[Stored items from a collection]
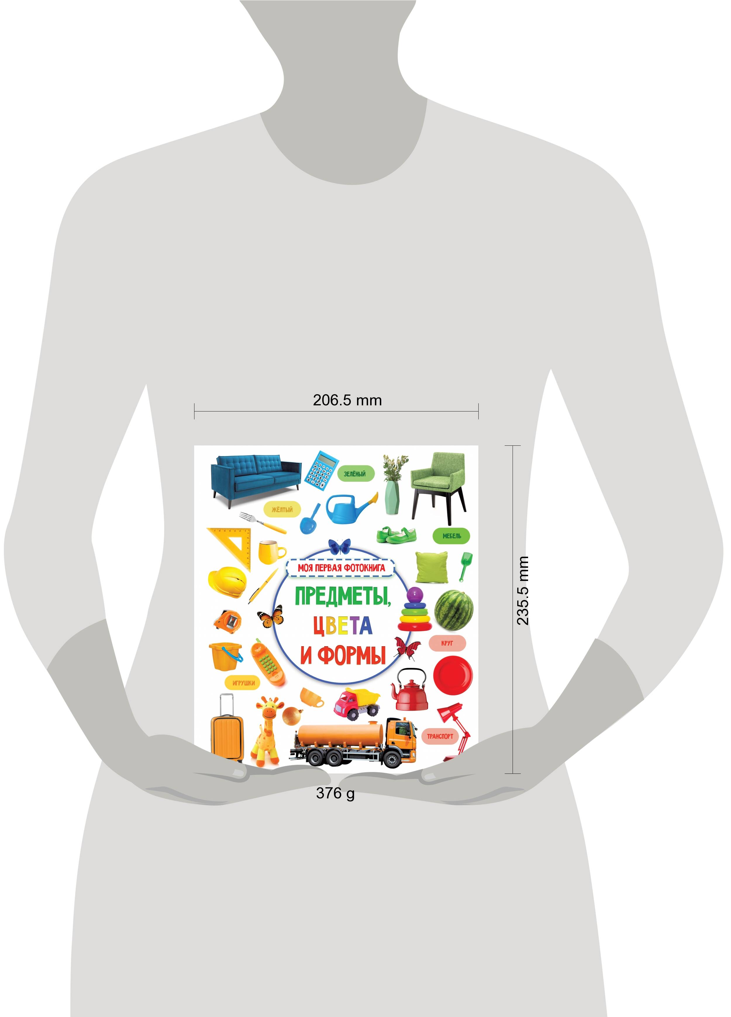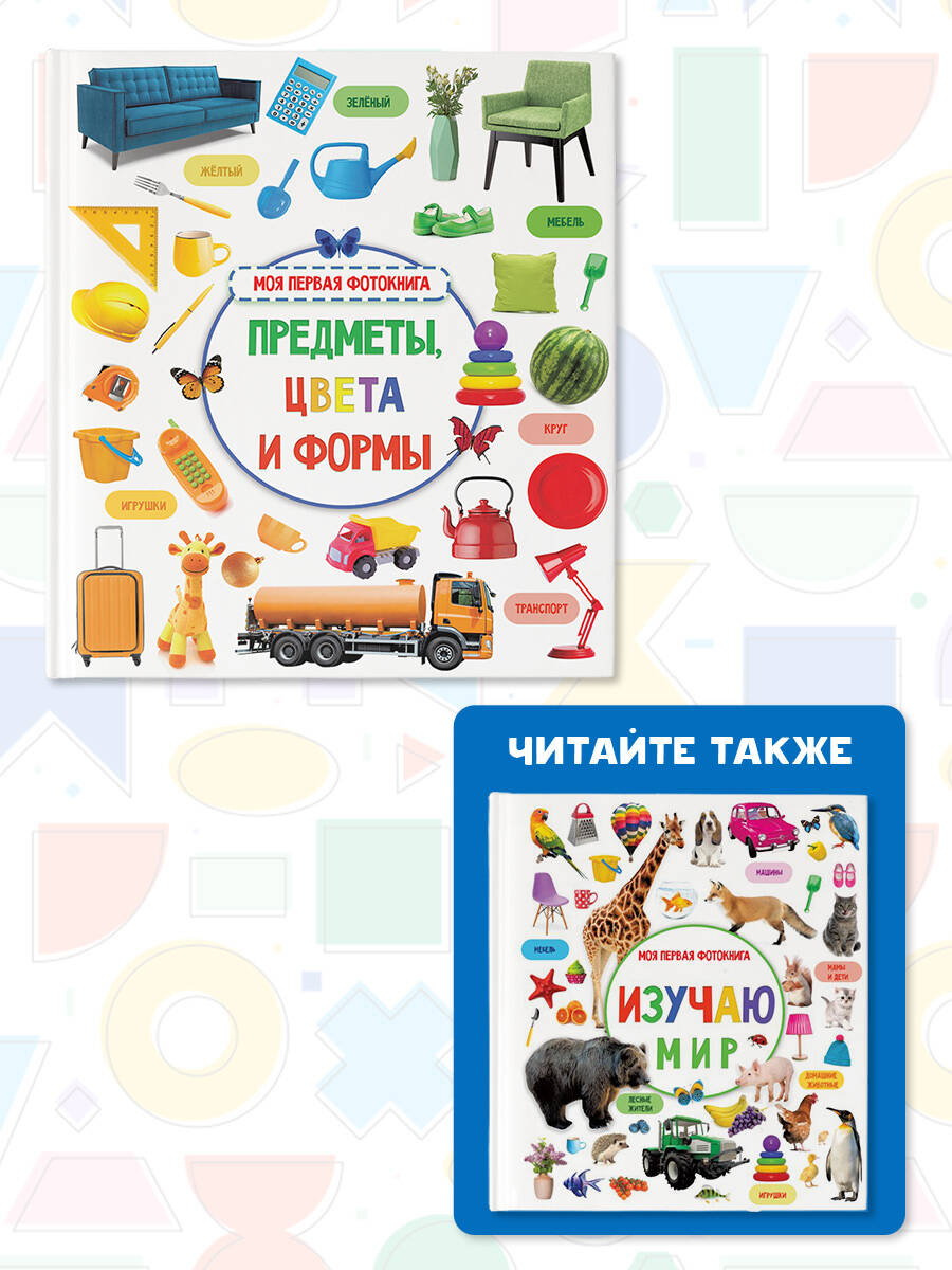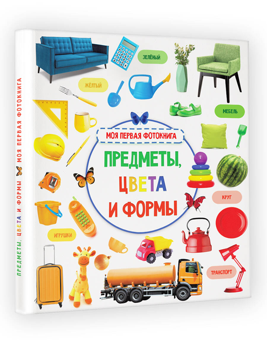 О чём эта книга «Предметы, цвета и формы» - это книжка с увлекательными заданиями для малышей. Рассматривая фотоизображения предметов домашнего обихода, игрушек и животных, дети будут изучать цвета и формы, знакомиться с окружающим миром.
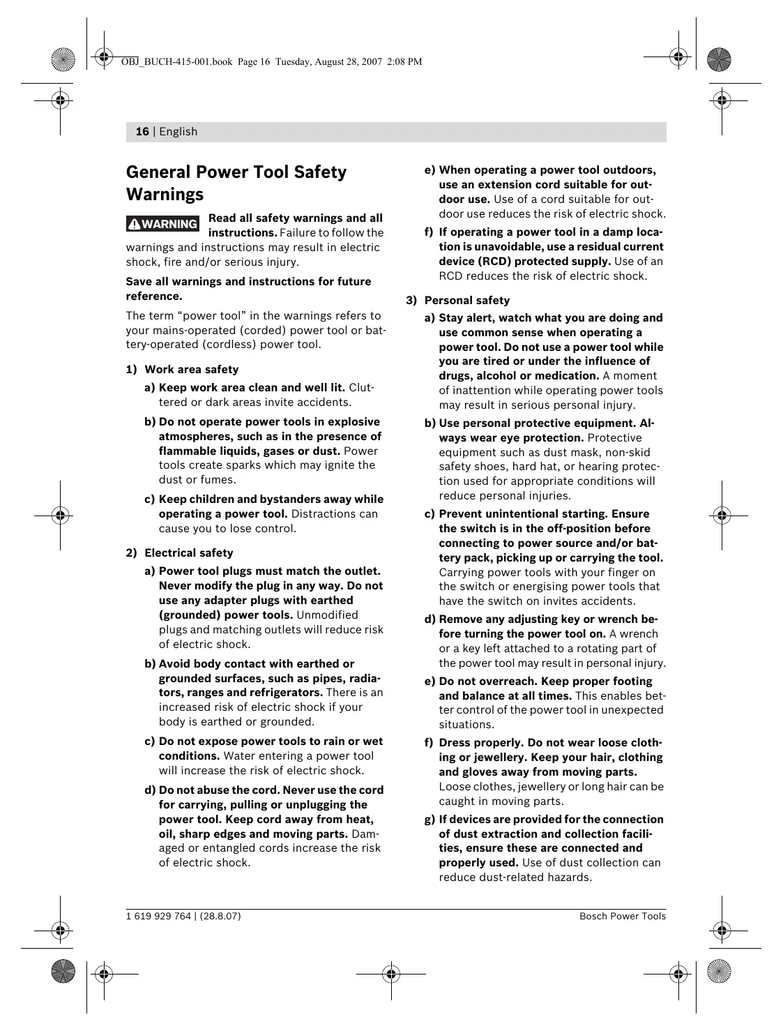 a) Stay alert, watch what you are doing and use common sense when operating a power tool. Do not use a power tool while you are tired or under the influence of drugs, alcohol or medication. A moment of inattention while operating power tools may result in serious personal injury. b) Use personal protective equipment. Always wear eye protection. Protective equipment such as dust mask, non-skid safety shoes, hard hat, or hearing protection used for appropriate conditions will reduce personal injuries. c) Prevent unintentional starting. Ensure the switch is in the off-position before connecting to power source and/or battery pack, picking up or carrying the tool. Carrying power tools with your finger on the switch or energising power tools that have the switch on invites accidents. d) Remove any adjusting key or wrench before turning the power tool on. A wrench or a key left attached to a rotating part of the power tool may result in personal injury. e) Do not overreach. Keep proper footing and balance at all times. This enables better control of the power tool in unexpected situations. f) Dress properly. Do not wear loose clothing or jewellery. Keep your hair, clothing and gloves away from moving parts. Loose clothes, jewellery or long hair can be caught in moving parts. g) If devices are provided for the connection of dust extraction and collection facilities, ensure these are connected and properly used. Use of dust collection can reduce dust-related hazards. Bosch Power Tools OBJ_BUCH-415-001.book Page 17 Tuesday, August 28, 2007 2:08 PM English | 17
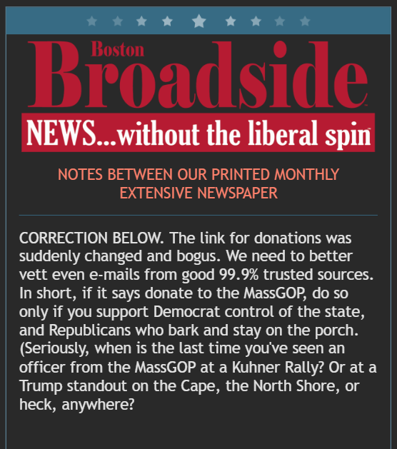 The Boston Broadside sent out an email alleging that the MassGOP donation link setup for the Trump Campaign was a scam which was sent out in an email associated with my name. This accusation stemmed from a temporary issue with the link, which was quickly resolved. I want to clarify that the link in question is legitimate, and all 100% of donations made through it are used exclusively for the Trump Campaign.
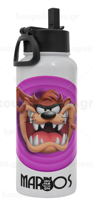 Taz, Μεταλλικό παγούρι θερμός Λευκό με καλαμάκι και χερούλι (Stainless steel), διπλού τοιχώματος, 950ml
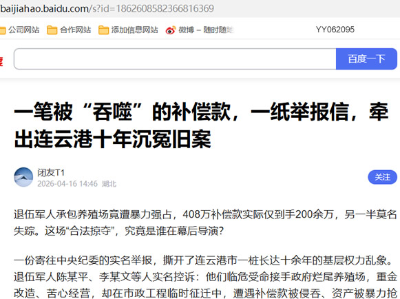 一份寄往中央纪委的实名举报,撕开了连云港市一桩长达十余年的基层权力乱象。退伍军人陈某平、李某文等人实名控诉:他们临危受命接手政府烂尾养殖场,重金改造、苦心经营,却在市政工程临时征迁中,遭遇补偿款被侵吞、资产被暴力抢夺、维权被层层打压的悲惨境遇。一句句血泪控诉,揭开的不只是经济利益的争夺,更是权力失控、承诺作废、普通人维权无门的荒诞现实。
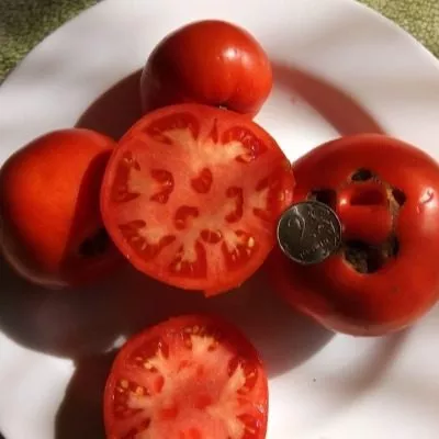 Округлые, ярко-красные плоды массой около 112 граммов имеют сбалансированный вкус. Их плотная, но не грубая кожица надежно защищает от растрескивания как на кусте при перепадах влажности, так и при термической обработке. Это избавляет от необходимости сажать отдельно салатные и отдельно засолочные сорта.
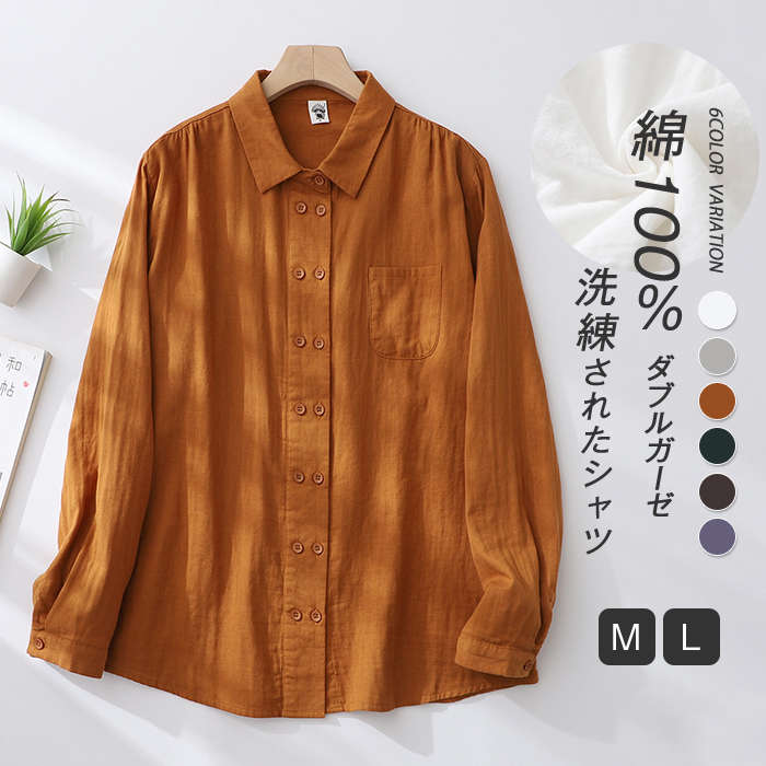 ダブルガーゼ シャツブラウス レディース ガーゼ シャツ ブラウス 長袖 トップス ガーゼシャツ 2重がーぜ 通気性 ゆったり 着回し 定番 重ね着 体型カバー
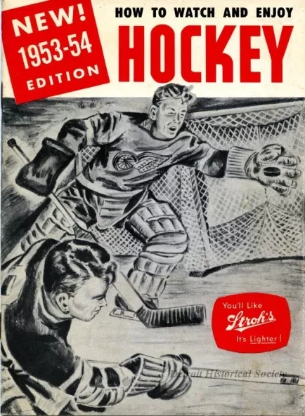 One softcover booklet entitled "How to Watch and Enjoy Hockey" which was published by the Stroh Brewery Company. The cover is made of heavyweight white paper that is printed with red and black title text and shows a drawing of two hockey players skating in front of a goal net. The booklet contains 21 pages of black printed text on white paper and gives an overview of how to play hockey as well as terminology and various play strategies. Diagrams are included with the text along with black and white photographic images of the Stroh Brewery Company. The back pages list various hockey records and show a schedule of NHL games for the 1953-1954 season.
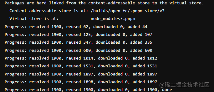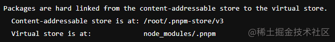 pnpm install的安装过程中,我们会看到如下的信息,这个里面的Content-addressable store就是我们目前说的Store
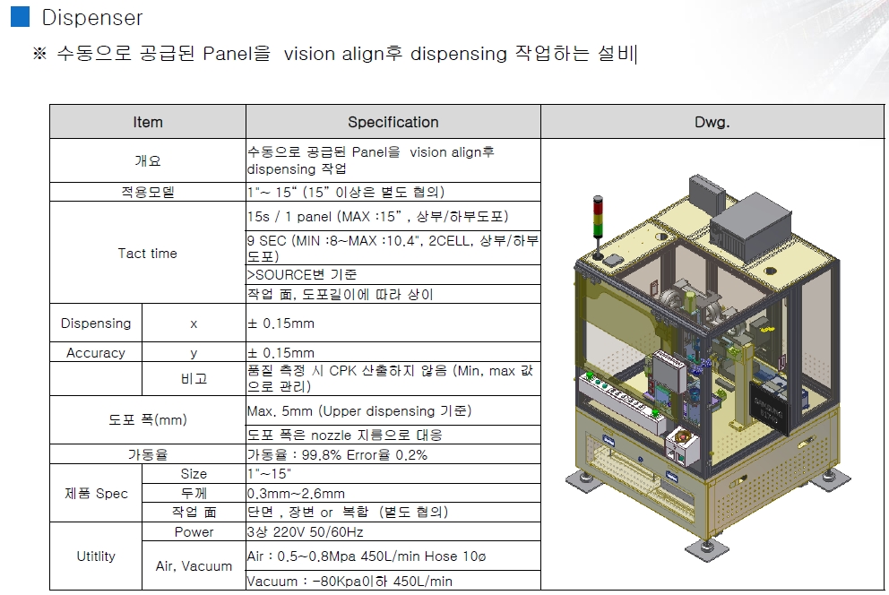 수동으로 공급된 Panel을 vision align후 dispensing 작업하는 설비
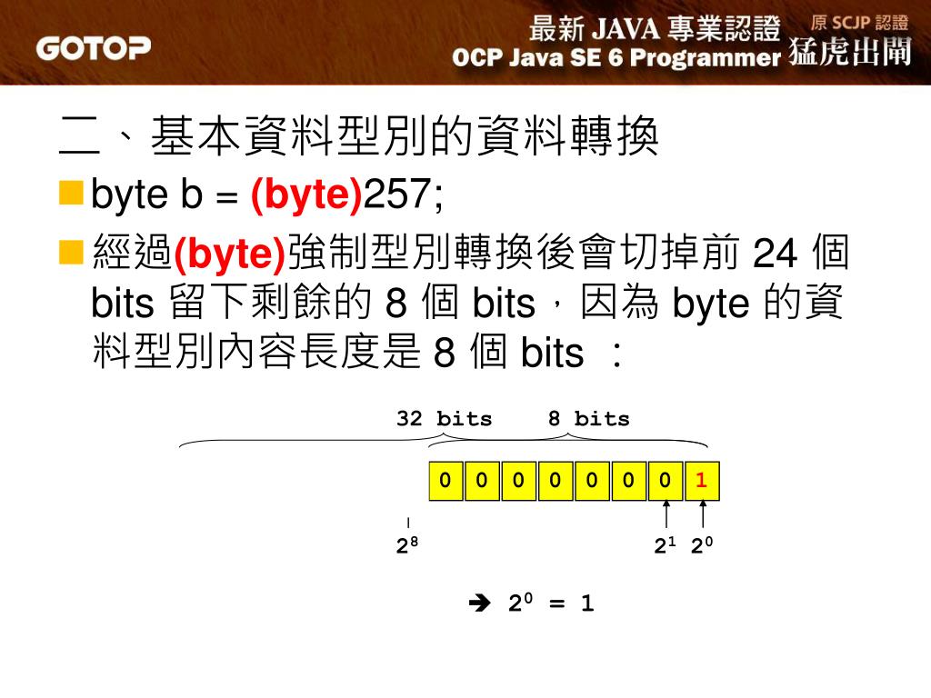 8 bits 32 bits 0 0 0 0 ... 1 0 0 0 0 0 0 0 1 28 21 20 二、基本資料型別的資料轉換 • byte b = (byte)257; • 經過(byte)強制型別轉換後會切掉前 24 個 bits 留下剩餘的 8 個 bits,因為 byte 的資料型別內容長度是 8 個 bits : 20 = 1
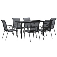Enjoy a nice meal or afternoon tea in your outdoor space with this garden dining set! Featuring an elegant design, it will become the focal point of your garden and patio! Stable frame: The armchairs and table have a powder-coated steel construction, making them sturdy and stable.Durable material: Thanks to the strong textilene fabric, these outdoor chairs are weather-resistant and easy to clean.Sturdy tabletop: The tabletop is made of tempered glass, making it easy to clean. Additionally, the tabletop is perfect for placing snacks, drinks, vases, fruit bowls, or other decorative items.Comfortable seating experience: Designed with a curved backrest and armrests, the garden armchair has a more ergonomic shape for maximum comfort. Good to know:To make sure your outdoor furniture stays beautiful, we recommend protecting it with a waterproof cover.
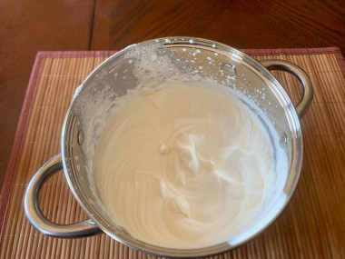 Вмешайте крем в сливки. Получится однородная довольно жидкая масса, очень похожая на вкус на растаявшее мороженое.
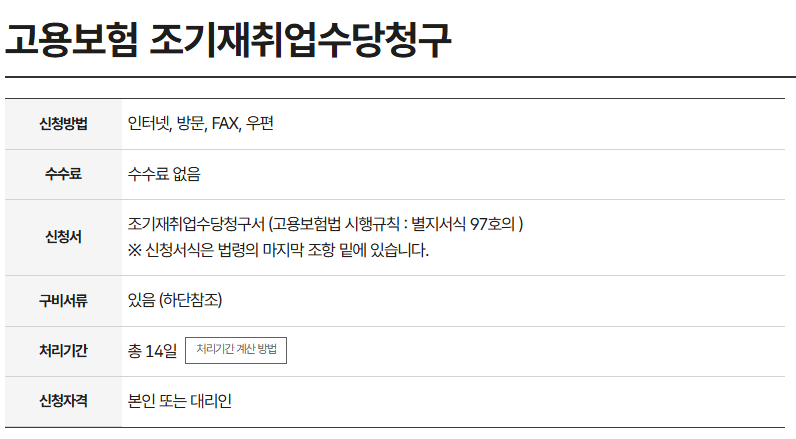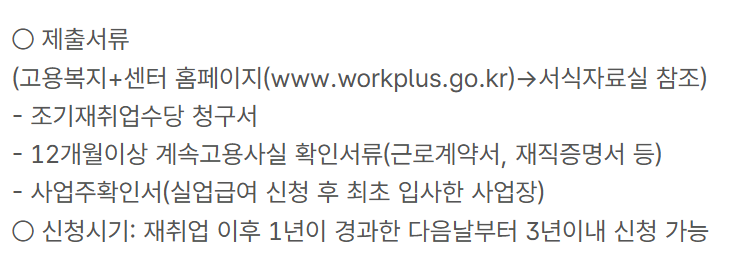 실업급여를 수급 중이거나, 재취업 계획이 있는 분들은 반드시 조기취업수당 조건을 확인하고, 신청 기한 내에 제출하시길 권장합니다.
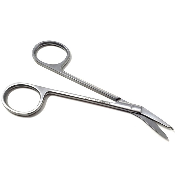 One Angled Hook Tip These snips feature an angled hook in the front of the blade that slides under sutures to slightly lift them before cutting. The hook also holds the threads so it does not slip off the blade of the scissors prior to cutting.Sleek Delicate Design Lightweight ergonomic design reduces hand fatigue during repetitive tasks. Enables a high degree of precision and flexibility while conducting delicate procedures.Steady Grip The finger rings are smooth and comfortable to hold with no burrs that could hurt the hand. Sturdy & Functional Made of high-quality stainless steel, which is durable and sturdy with anti-rust and anti-corrosion properties. Manufactured from AISI 420 stainless steel, the product conforms to ISO 9001, ISO 13485, FDA, and other Quality Standards. Shipped in retail gift packaging.
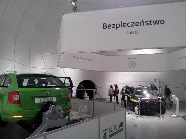 Cały Autolab został podzielony na różne strefy. Pierwsza to prezentacja dwóch modeli Skody, m.in. najnowszego modelu Citigo. Następna strefa to Bezpieczeństwo, gdzie możesz skorzystać z symulatorów zderzenia oraz dachowania. Wielka Octavia zawieszona w powietrzu obraca się wokół własnej osi, podczas gdy ty siedzisz w środku przypięty tylko pasami. Niesamowite uczucie. W pierwszej chwili ogarnął mnie atak śmiechu, ale później zdałem sobie sprawę z tego, że nigdy w życiu nie chciałbym przeżyć tego na żywo. Zawsze zapinajcie pasy, one na serio ratują życie.
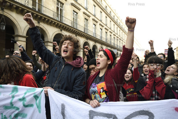 Caption : Manifestation à l'appel de la CGT, en présence de gilets jaunes, avec pour revendications : hausse des salaires, justice fiscale, opposition à la réforme du lycée, à l'augmentation des frais d'inscription des étudiants étrangers, droit de manifester, défense du service public. Lycéns /// Demonstration at the call of the CGT (General Confederation of Labour) trade union, in the presence of yellow vests, with demands for: increase in wages, tax justice, opposition to the reform of high school, increased registration fees for foreign students, right to demonstrate, defense of the public service. Students - Paris - 05/02/2019 - Photo © Lionel Préau +33 (0)6 68 12 83 77
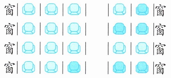 5. 新情境 真实生活 下面是高铁座位的预售情况。图中一共有多少个座位?
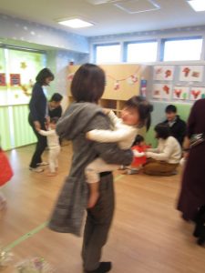親子リトミックもありました♪大好きなパパやママにぎゅっと抱きしめてもらったり、みんなで丸く輪になって体を動かしました(^_-)-☆
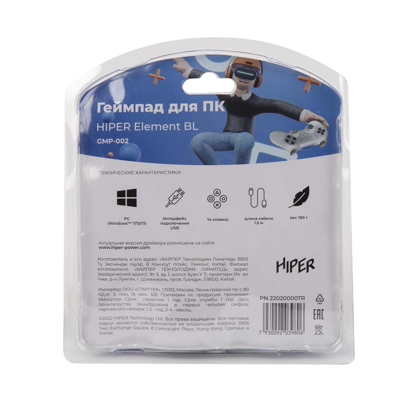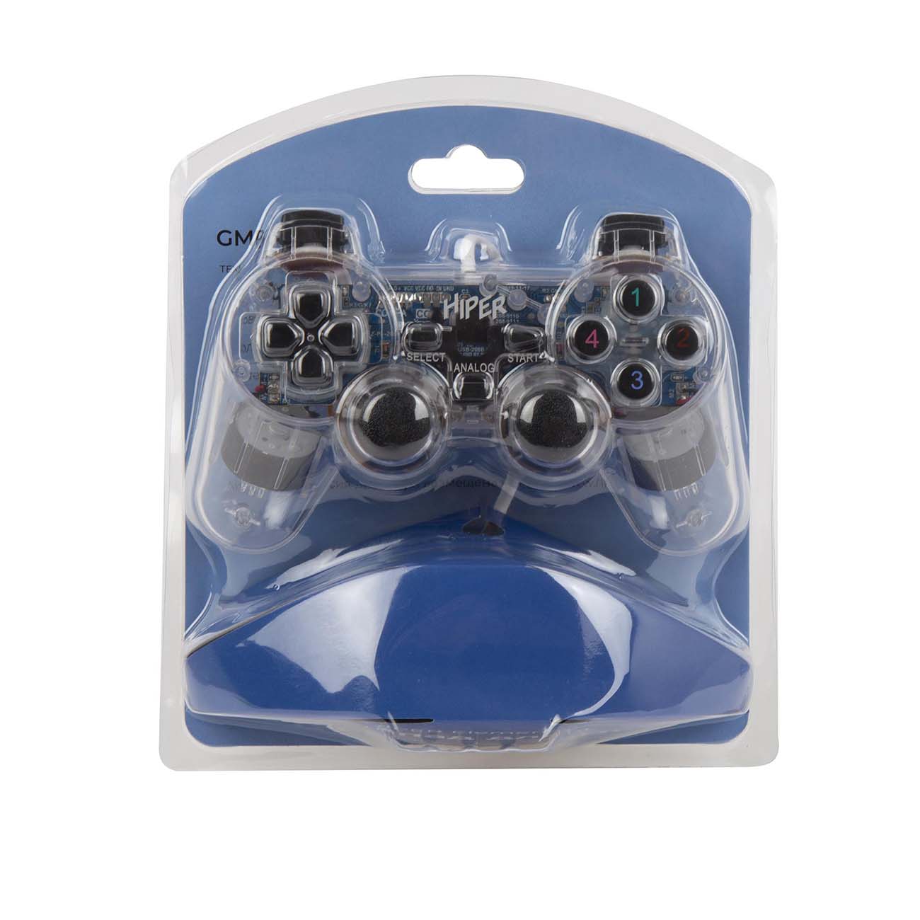 Геймпад Hiper GMP-002 подключается к совместимым устройствам с помощью USB-кабеля 1,4 м. Он весит 220 г, его корпус сделан из полистирола. На нем размещены 17 клавиш, в том числе кнопка-крестовина. Предусмотрены два мини-джойстика. Два встроенных вибромотора делают игры особенно реалистичными благодаря функции обратной связи.

TASK:
The result should be an exact copy of only the lines above from the one that holds "Enjoy a nice" through the one that holds "One Angled Hook", both ends included, without pictures.

WORKED SOLUTION:
Enjoy a nice meal or afternoon tea in your outdoor space with this garden dining set! Featuring an elegant design, it will become the focal point of your garden and patio! Stable frame: The armchairs and table have a powder-coated steel construction, making them sturdy and stable.Durable material: Thanks to the strong textilene fabric, these outdoor chairs are weather-resistant and easy to clean.Sturdy tabletop: The tabletop is made of tempered glass, making it easy to clean. Additionally, the tabletop is perfect for placing snacks, drinks, vases, fruit bowls, or other decorative items.Comfortable seating experience: Designed with a curved backrest and armrests, the garden armchair has a more ergonomic shape for maximum comfort. Good to know:To make sure your outdoor furniture stays beautiful, we recommend protecting it with a waterproof cover.
 Вмешайте крем в сливки. Получится однородная довольно жидкая масса, очень похожая на вкус на растаявшее мороженое.
 실업급여를 수급 중이거나, 재취업 계획이 있는 분들은 반드시 조기취업수당 조건을 확인하고, 신청 기한 내에 제출하시길 권장합니다.
 One Angled Hook Tip These snips feature an angled hook in the front of the blade that slides under sutures to slightly lift them before cutting. The hook also holds the threads so it does not slip off the blade of the scissors prior to cutting.Sleek Delicate Design Lightweight ergonomic design reduces hand fatigue during repetitive tasks. Enables a high degree of precision and flexibility while conducting delicate procedures.Steady Grip The finger rings are smooth and comfortable to hold with no burrs that could hurt the hand. Sturdy & Functional Made of high-quality stainless steel, which is durable and sturdy with anti-rust and anti-corrosion properties. Manufactured from AISI 420 stainless steel, the product conforms to ISO 9001, ISO 13485, FDA, and other Quality Standards. Shipped in retail gift packaging.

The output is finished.